# REQUIREMENT
Please count how many lines in the entries below contain "Schalke" and reply with the figure alone.

# DATA FOR THE TASK
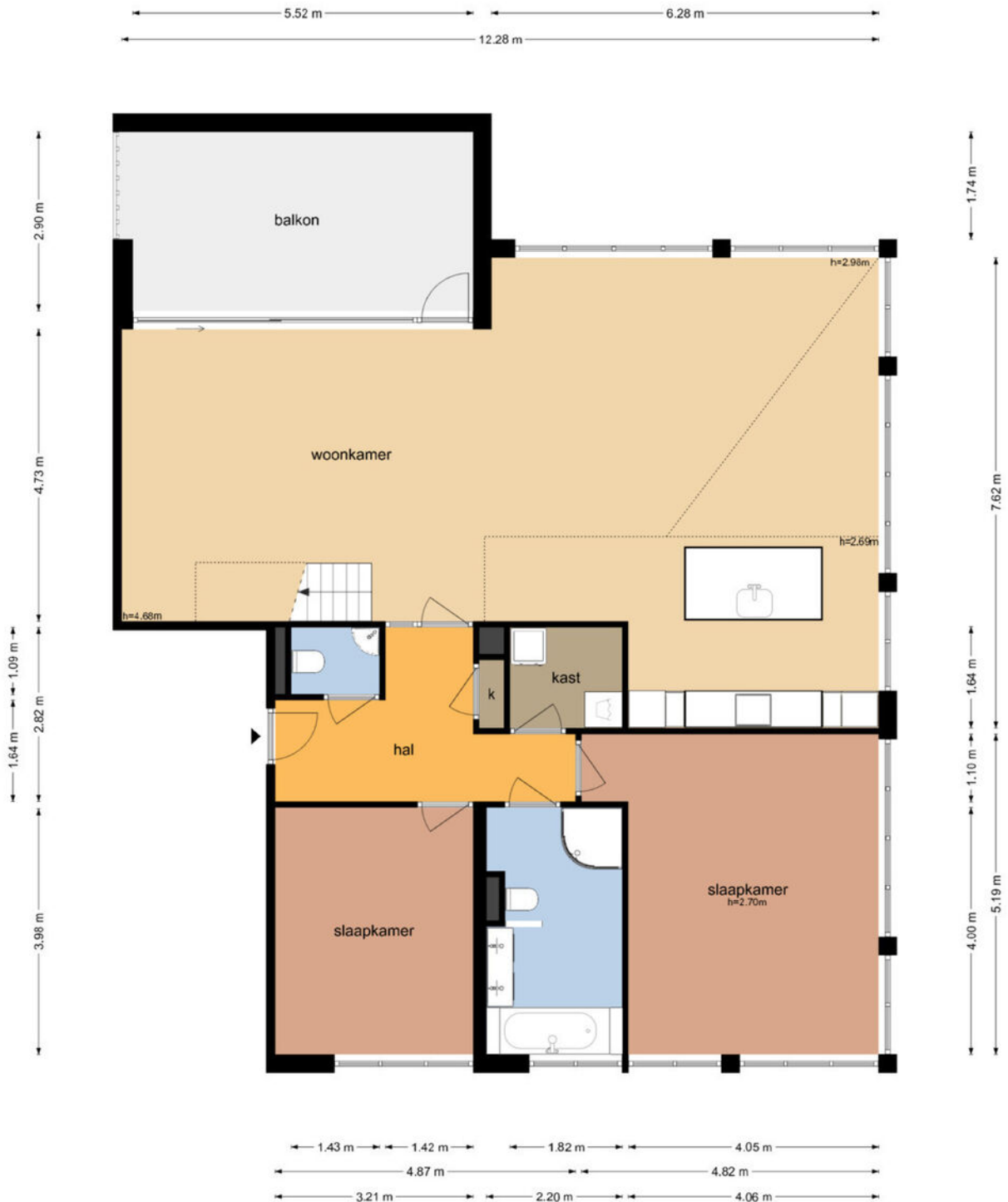
Nijlstraat 60 - Purmerend Derde Verdieping

De plattegronden zijn geproduceerd voor promotionele doeleinden en ter indicatie. Aan de plattegronden kunnen geen rechten worden ontleend © www.objectenco.nl
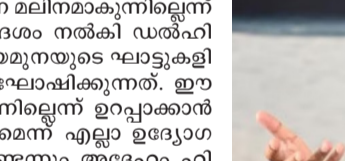
ക്രമീകരണത്തിനുമായി ഡൽഹി പോലീസ്, ഡൽഹി ജല ബോർഡ് എന്നിവയുടെ സഹായം വകുപ്പുകളുമായി സഹകരിക്കും. തിരക്ക് ഒഴിവാക്കാൻ എം.സി.ഡി. പാർക്കിംഗ് നിലവിലും അനുവദിക്കുമെന്നും അധികൃതർ അറിയിച്ചു. നഗരത്തിലുടനീളം 1100 സ്ഥലങ്ങളിൽ സർക്കാർ വിപുലമായ ഒരുക്കങ്ങൾ നടത്തിയിട്ടുണ്ട്. ശുചീകരണങ്ങൾ, ആംബുലൻസുകൾ, പ്രഥമശുശ്രൂഷ, വൈദ്യുതി തുടങ്ങിയ തയ്യാറെടുപ്പുകൾ സർക്കാർ നടത്തിയിട്ടുണ്ട്. സുരക്ഷാകാര്യങ്ങളിൽ ഡൽഹി പോലീസ് ജാഗ്രതപൂർവ്വം വിവിധ സ്ഥലങ്ങളിൽ സി.സി.ടി.വി. ക്യാമറകൾ സ്ഥാപിക്കും. ഇതിനുമുമ്പായി 25 കോടി രൂപയാണ് സർക്കാർ മാറ്റിവെച്ചിട്ടുള്ളത്. ഒക്ടോബർ 30, 31 തീയതികളിൽ മറ്റ് ആഘോഷിക്കും. സിറ്റികൾ മുട്ടോളം വെള്ളത്തിൽ ഉപവെച്ചിട്ടുള്ള സുരഭദ്രവനെ പ്രാർഥിക്കുന്നത് പൂജയുടെ പ്രധാന ചടങ്ങാണ്. ഡൽഹിയിൽ താമസിക്കുന്ന ബിഹാറിലെയും കിഴക്കൻ ഉത്തർപ്രദേശിലെയും ആളുകൾ പൂർവ്വബലികൾക്കിടയിൽ ഈ ഉത്സവം വളരെ ജനപ്രിയമാണ്.

ന്യൂഡൽഹി: മറ്റ് പൂജ സമയത്ത് യമുന മലിനമാകുന്നില്ലെന്ന് ഉറപ്പാക്കാൻ ഉദ്യോഗസ്ഥർക്ക് നിർദ്ദേശം നൽകി ഡൽഹി മുഖ്യമന്ത്രി അരവിന്ദ് കെജ്റിവാൾ. യമുനയുടെ ഘോഷുകളിലാണ് പ്രധാനമായും മറ്റ് പൂജ ആഘോഷിക്കുന്നത്. ഈ അവസരത്തിൽ യമുന മലിനമാകുന്നില്ലെന്ന് ഉറപ്പാക്കാൻ എല്ലാ ക്രമീകരണങ്ങളും ഒരുക്കണമെന്ന് എല്ലാ ഉദ്യോഗസ്ഥർക്കും നിർദ്ദേശം നൽകിയിട്ടുണ്ടെന്നും അദ്ദേഹം ഹിന്ദിയിൽ ടീറ്റർ ചെയ്തു. ഘോഷുകളിലെ തെറ്റായ വിളക്കുകൾ വർദ്ധിച്ചാൽ ഒരു വാർഡിന് 40,000 രൂപ അനുവദിച്ചതായി ഡൽഹി മുനിസിപ്പൽ കോർപ്പറേഷൻ (എം.സി.ഡി.) വെള്ളിയാഴ്ച പ്രസ്താവത്തിൽ അറിയിച്ചു. ഒരു വാർഡിന് രണ്ട് ഘോഷുകൾ വീതമാണ് തുക അനുവദിക്കുക. തലസ്ഥാനത്തെ എല്ലാ മറ്റ് ഘോഷുകളിലും ശുചീകരണ സേവനങ്ങൾ ഈ സംഘങ്ങൾ മുഖേന ലഭ്യമാക്കും. ഡൽഹി അർബൻ ഷെൽട്ടർ ഇൻഫ്രാസ്ട്രക്ചർ ഡെവലപ്മെന്റ് ഓഫീസിലെ ശുചാലയങ്ങളും വൃത്തിയാക്കാൻ 12 സോണുകളിലായി ഉപവര നിയോഗിക്കും. ക്രമീകരണങ്ങൾക്ക് മേൽനോട്ടം വഹിക്കാൻ ഓരോസോണിലും ഒരു നോഡൽ ഓഫീസറെ നിയോഗിക്കും. തൃശ്ശൂർ വാർത്താവിതരണ മന്ത്രാലയം, ഘോഷുകളിൽ നിന്നും ദിവസേന ഒന്നിലധികം തവണ മാലിന്യശേഖരണം നടത്തും. ജില്ലാ മജിസ്ട്രേറ്റുമായും വാഹനങ്ങളും ഇതിനായി പ്രത്യേക തൊഴിലാളികളെയും വാഹനങ്ങളും ഇതിനായി ഷിഫ്റ്റിൽ വിന്യസിക്കും. സുരക്ഷയ്ക്കും ജല ഉപയോഗ
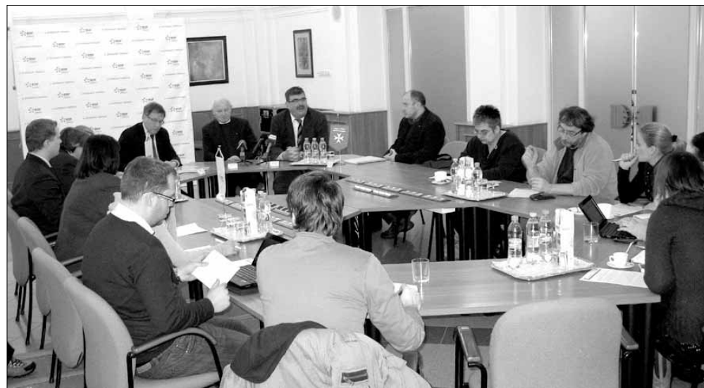
Az EDF DÉMÁSZ Zrt. és a Magyar Máltai Szeretetszolgálat közös sajtótájékoztatót jelentette be a program indítását
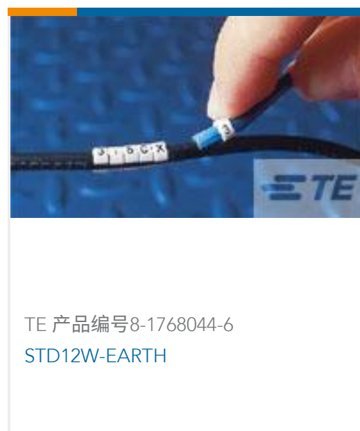
TE 产品编号 8-1768044-6 STD12W-EARTH
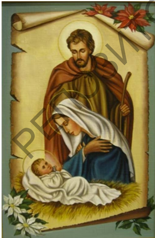
Рис. 3. Ядвига Сенько. «Рождество Христово». 2003 г., холст, масло
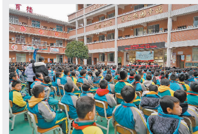
▲2月13日，春季开学第一天，广东省连南瑶族自治县人民法院组织干警走进三江镇潭溪小学，为学生们送上内容丰富的“法治礼包”。法治课上，法院干警结合典型案例讲解法律法规，引导同学们树立正确法治观念，远离违法犯罪。图为法治课现场。
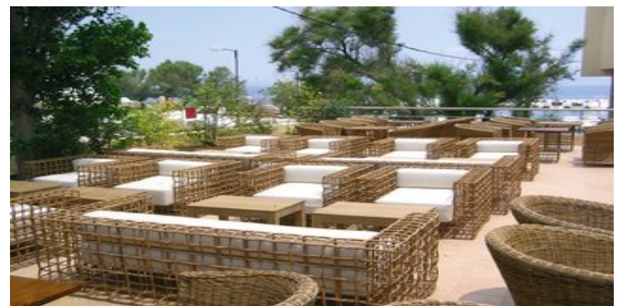
Der gemütliche Außenbereich der Bar
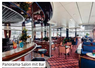
Panorama-Salon mit Bar
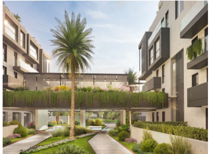
Schön bepflanzter Gemeinschaftsbereich
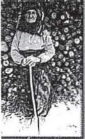
çizimler: Ayhan Aydın
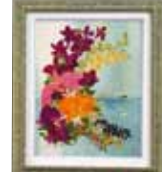
春の窓辺 宇田川 ツネ
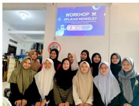
Gambar 3. Tim Pengabdian foto bersama Santri

Tim Pengabdian dan santri foto bersama. Pada pelatihan ini, santri sangat antusias dan memberikan respon yang positif.
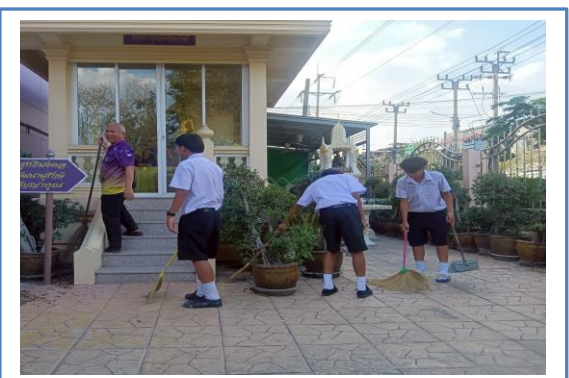
กิจกรรมบำเพ็ญประโยชน์
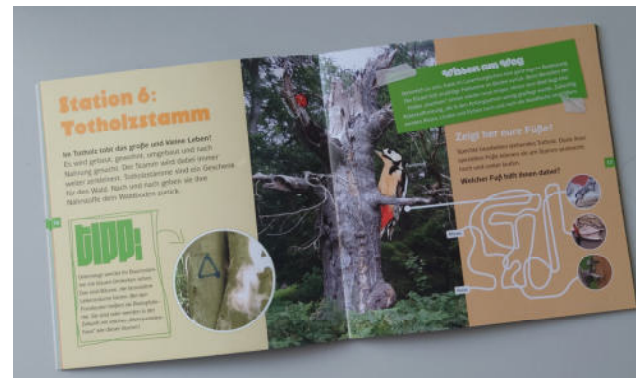
Naturschatz-suche im NP Lauenburgische Seen
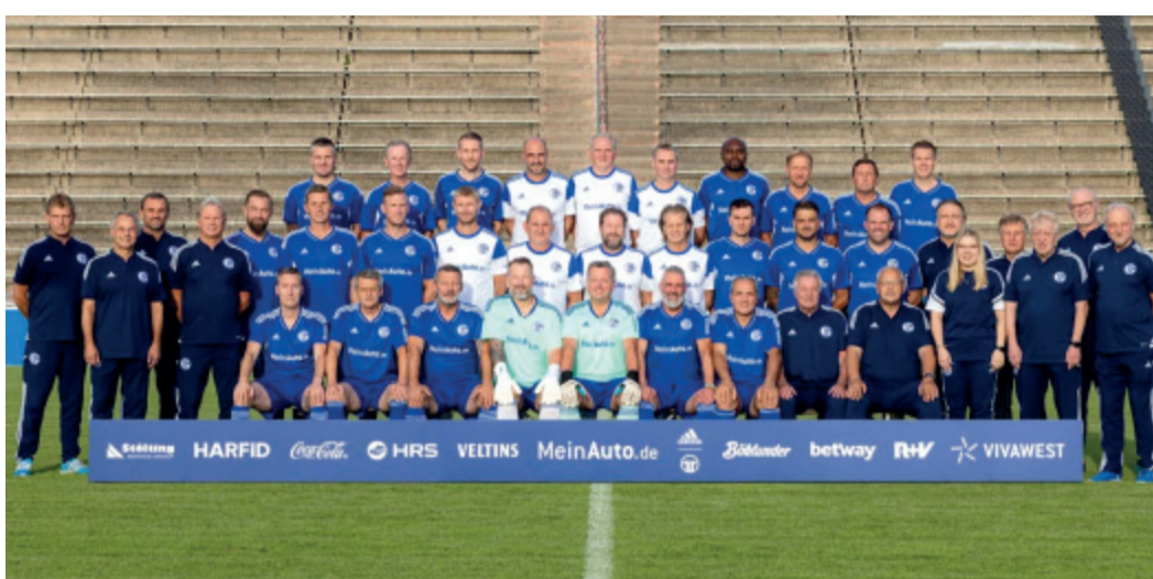
Lassen nicht nur die königsblauen Fußball-Hezen höher schlagen: Olaf Thon und seine Knappen-Legenden in der Traditionsmannschaft des FC Schalke 04 besitzen in ganz Fußball-Deutschland Kultstatus.

„Titel, Tränen und Triumphe“, so umreißen sie selbst ihre bald 120-jährige Geschichte – die Königsblauen des FC Schalke 04. Auch wenn nach dem Abstieg aus der Bundesliga aktuell eher Tränen angesagt sind, lebt der Schalke-Mythos unverändert. Königsblau ist schließlich für die Fans eine Art Religion, „Wir lieben dich“, lautet ja ihre Devise.
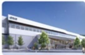
北陸新幹線飯山駅建設中(2015年春完成予定) ※北陸新幹線飯山駅デザイン原案

県内契約栽培による質の高い酒米使用の純米吟醸酒が自慢。 佐藤山市豊野町772-2 ☎026-257-3472 信濃支庁駅から徒歩3分 蔵見学要予約 松本本社：☎0263-47-0895
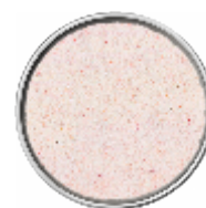
Sale Rosa Fino

# PROBLEM SOLUTION
2